Assignment
Starting from the line in which "ឱសថ ឱសថ និងផលិតផលជីវសាស្រ្ត។" appears, set down each line exactly through the end of the listing, and nothing else. Leave out pictures.

Provided information
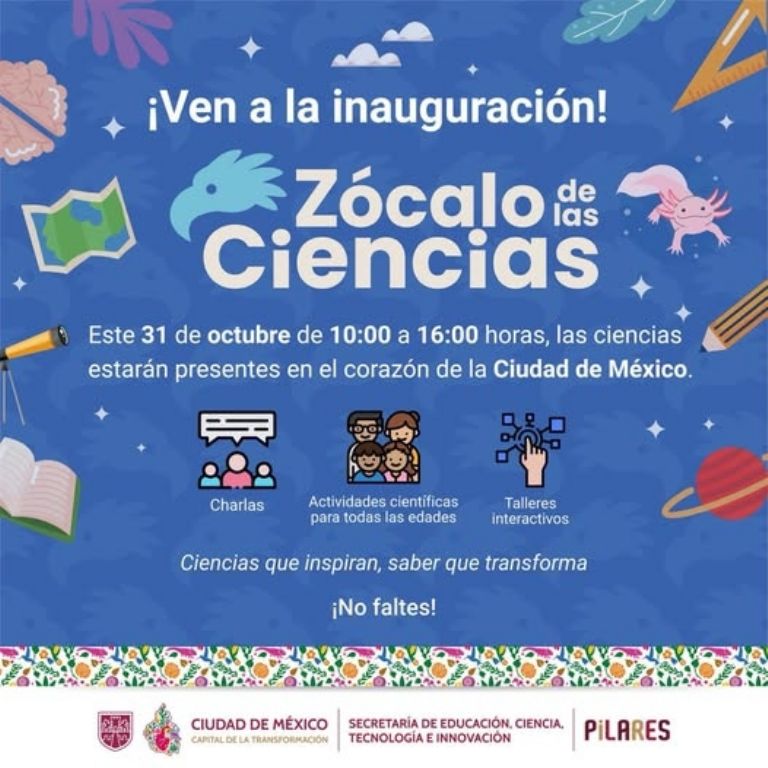El evento Zócalo de las Ciencias inicia este viernes 31 de octubre en la capital mexicana, con entrada libre, y se realizará mensualmente los viernes de Consejo Técnico Escolar.
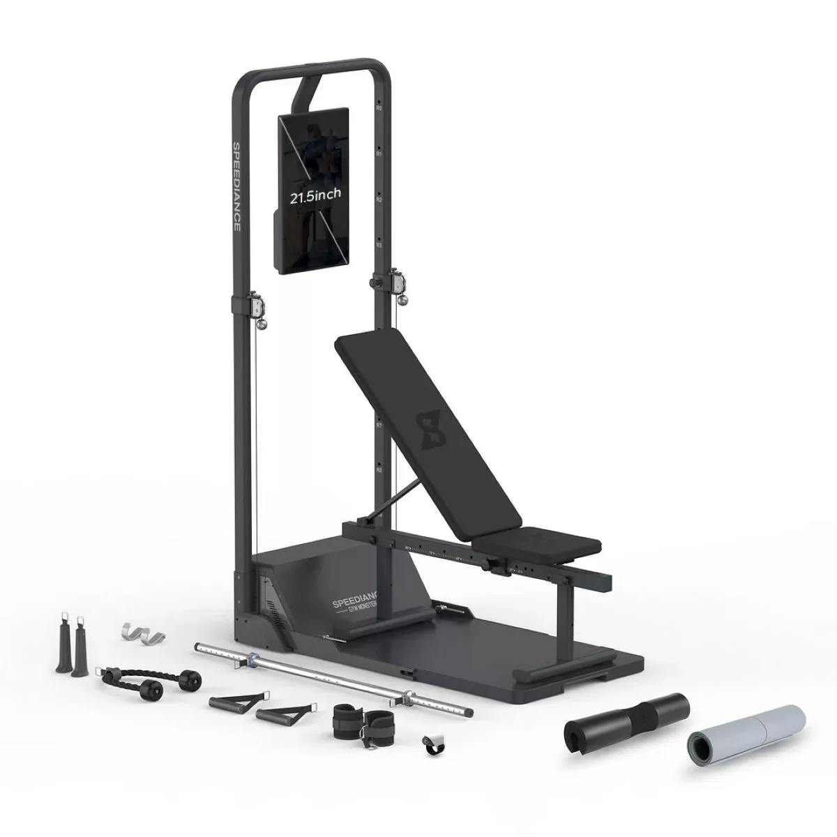 Speediance está revolucionando la forma de entrenar en casa, brindando todos los beneficios de un gimnasio completo directamente en tu sala de estar. El Gym Monster de última generación combina entrenamiento cardiovascular y de fuerza, ofreciendo un entrenamiento de cuerpo completo sin necesidad de salir de casa. Espacio limitado, posibilidad ilimitada: Disfruta de hasta 100 kg de resistencia adaptativa, más de 700 movimientos y más de 300 clases, además de modos de peso dinámicos. Con Free Lifting y el modo de pareja, podrás personalizar tu experiencia de entrenamiento de manera única. Peso y seguimiento digital: El motor con algoritmo inteligente proporciona una resistencia precisa y cómoda, eliminando la necesidad de manejar discos o mancuernas. Además, un gráfico de retroalimentación en tiempo real rastrea tus transiciones de potencia de un vistazo, optimizando tu rendimiento. Pantalla táctil inteligente: Gym Monster cuenta con una pantalla táctil avanzada y un sistema de peso integrado que facilita el acceso a programas de entrenamiento visuales y ajustes precisos al instante. Desempaca y listo: El diseño portátil de pie permite comenzar a ejercitarte inmediatamente después de sacarla de la caja, sin necesidad de montaje, taladrado o instalación en la pared. 10 ajustes de altura personalizables: Adaptá la máquina según tus necesidades para una experiencia de entrenamiento completamente ajustada a tu cuerpo. Cardio, fuerza y más: Combinala con el banco de remo exclusivo de Speediance para llevar tus rutinas a otro nivel. Explorá ejercicios de remo, esquí, HIIT y más, todo en un solo equipo. Gym Monster de Speediance es la solución perfecta para quienes buscan una experiencia de fitness completa en el hogar, con entrenamientos dinámicos, fáciles de personalizar y sin las limitaciones del equipo tradicional.
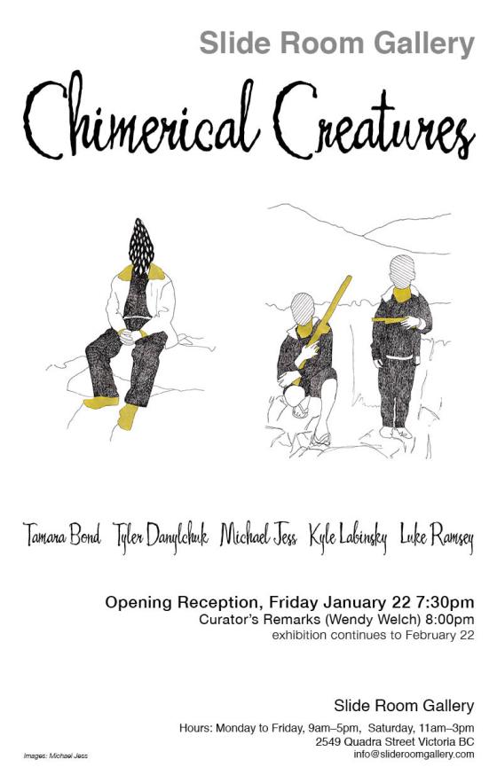 Chimerical Creatures: Tamara Bond, Tyler Danylchuk, Michael Jess, Kyle Labinsky, Luke Ramsey @ Slide Room Gallery Jan 22 2016 - Feb 24th @ Slide Room Gallery
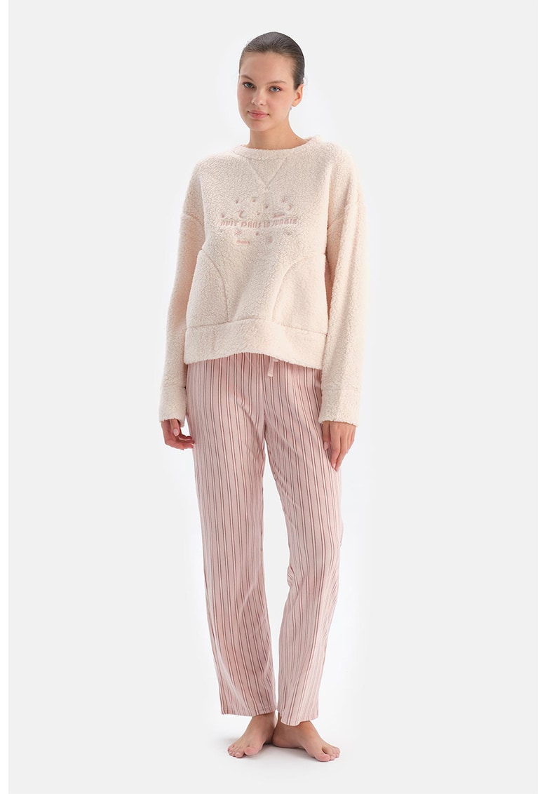 Caracteristici Tip produs: pijama Culoare: roz pastel Material: poliester Imprimeu: dungi
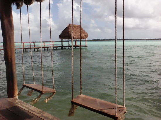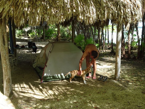 Dann nimmt uns 25km ein Pickup mit, der Mann ein ca. 75jähriger US Amerikaner, seine Frau Anfang 30, eine Einheimische. Die dreijährige Tochter auf der Rückbank staunt mich wortlos an. Wir radeln wieder ein Stück und schon hält das nächste Auto. Das Paar will über die mexikanische Grenze und bietet an, uns mitzunehmen. Angeblich wäre der Grenzübertritt für Radfahrer nicht möglich. Die beiden warten netterweise unsere Formalitäten ab, ohne uns wären sie viel, viel schneller gewesen. Sie setzen uns am Abzweig nach Chetumal ab. Da heißt es für uns nochmal Kräfte mobilisieren und dann fahren wir mit einbrechender Dunkelheit in Bacalar ein und finden auch den Campingplatz recht schnell. Thomas baut das Zelt auf und Jana bekommt am 3. Geldautomaten auch mexikanische Pesos.
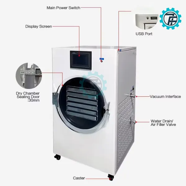 ម៉ាស៊ីនសម្ងួតបង្កកដោយម៉ាស៊ីនបូមធូលី TF-HFD-4 គឺជាឧបករណ៍ទំនើបមួយដែលអនុវត្តបច្ចេកវិទ្យាសម្ងួតបង្កកកម្រិតខ្ពស់ ដែលជួយរក្សារសជាតិ ពណ៌ រូបរាង និងតម្លៃអាហារូបត្ថម្ភរបស់ផលិតផលបន្ទាប់ពីសម្ងួត។ នេះគឺជាម៉ាស៊ីនដ៏ល្អសម្រាប់រោងចក្រកែច្នៃអាហារលំដាប់ខ្ពស់ ឱសថ ឱសថ និងផលិតផលជីវសាស្រ្ត។
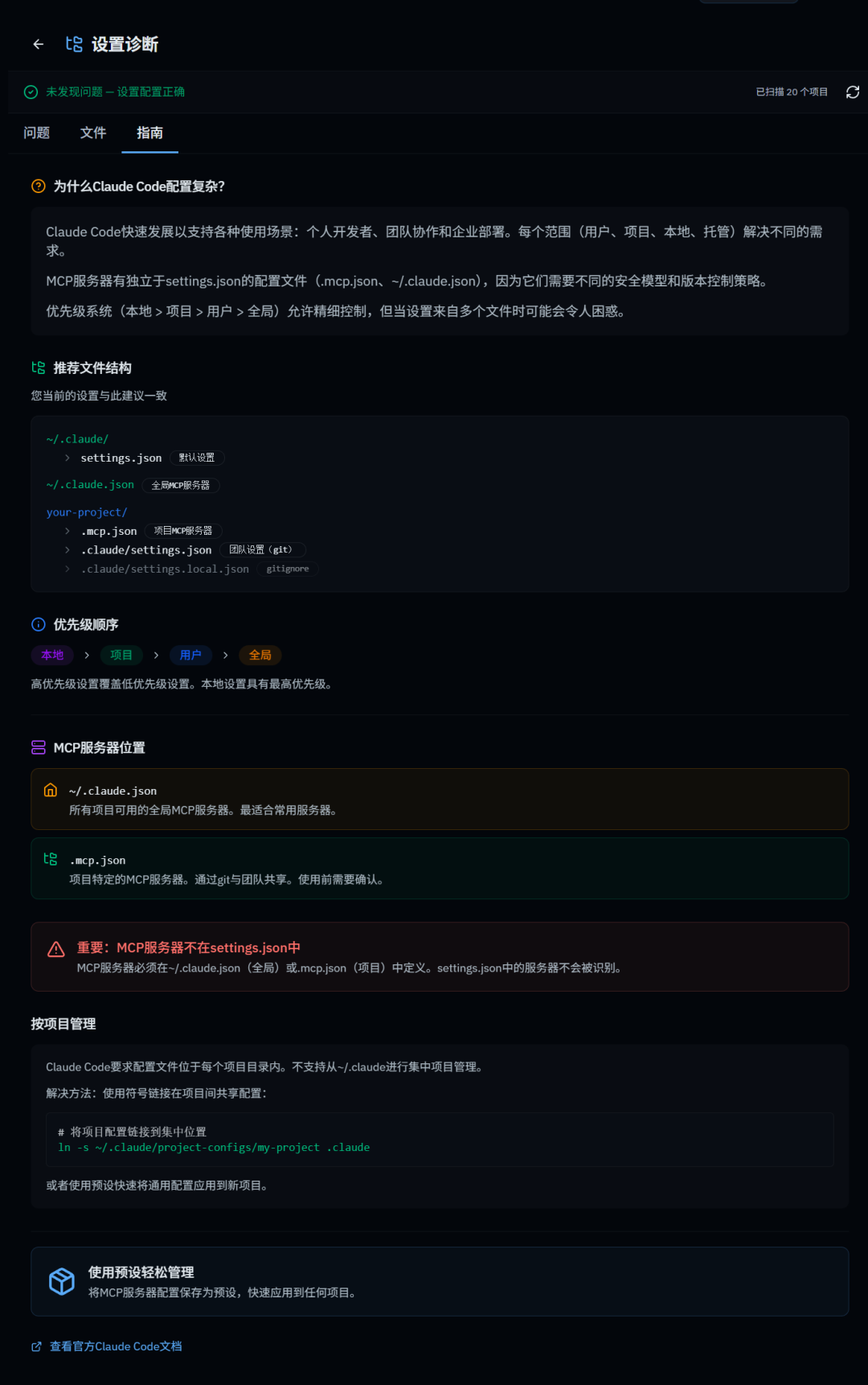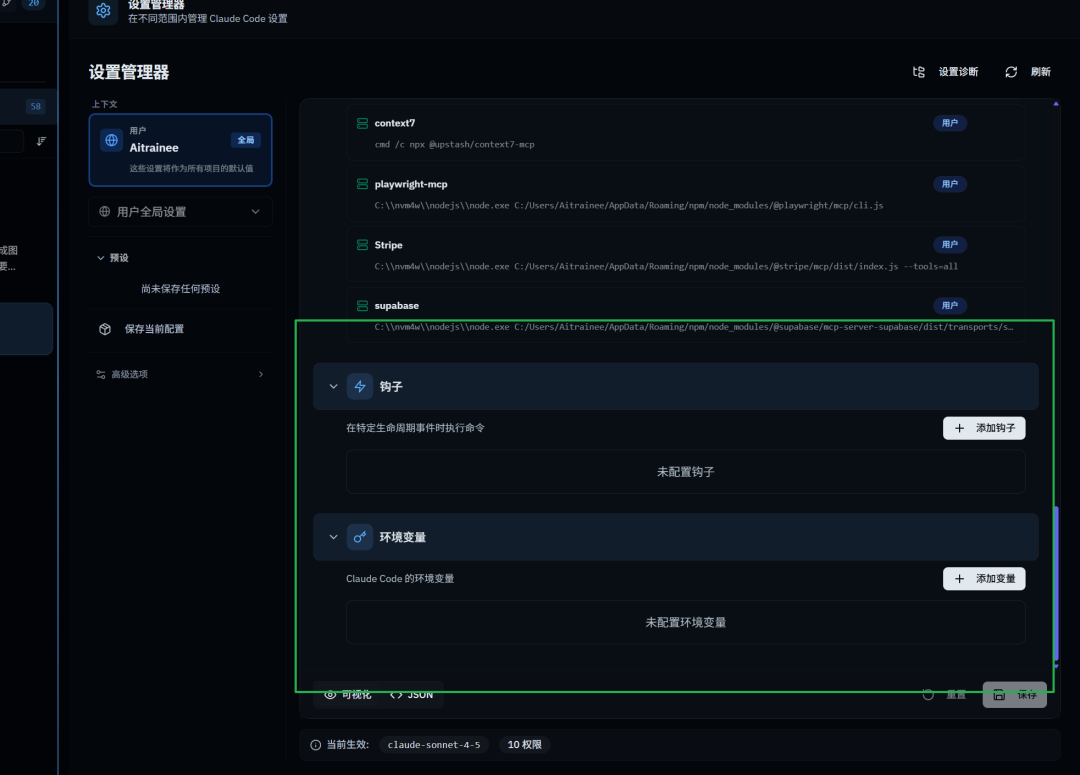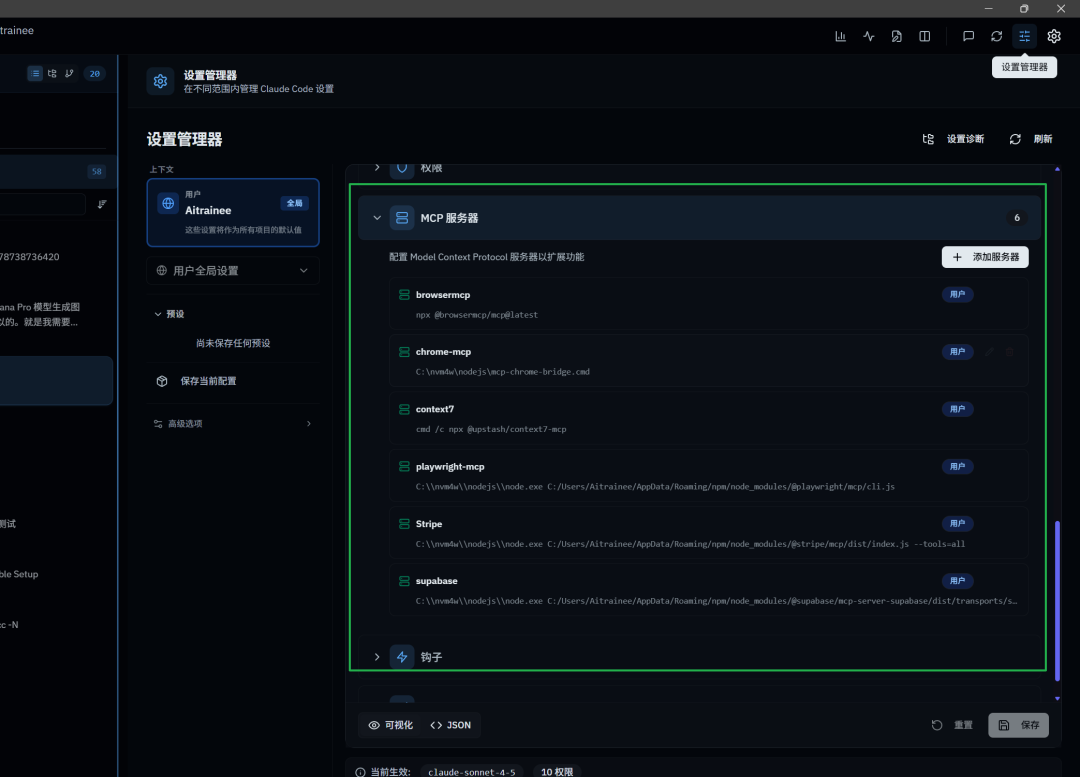 我在这里也看到了自己曾用用户级命令行方式为 Claude Code 安装并启用的 MCP。

Response area
 ម៉ាស៊ីនសម្ងួតបង្កកដោយម៉ាស៊ីនបូមធូលី TF-HFD-4 គឺជាឧបករណ៍ទំនើបមួយដែលអនុវត្តបច្ចេកវិទ្យាសម្ងួតបង្កកកម្រិតខ្ពស់ ដែលជួយរក្សារសជាតិ ពណ៌ រូបរាង និងតម្លៃអាហារូបត្ថម្ភរបស់ផលិតផលបន្ទាប់ពីសម្ងួត។ នេះគឺជាម៉ាស៊ីនដ៏ល្អសម្រាប់រោងចក្រកែច្នៃអាហារលំដាប់ខ្ពស់ ឱសថ ឱសថ និងផលិតផលជីវសាស្រ្ត។
 我在这里也看到了自己曾用用户级命令行方式为 Claude Code 安装并启用的 MCP。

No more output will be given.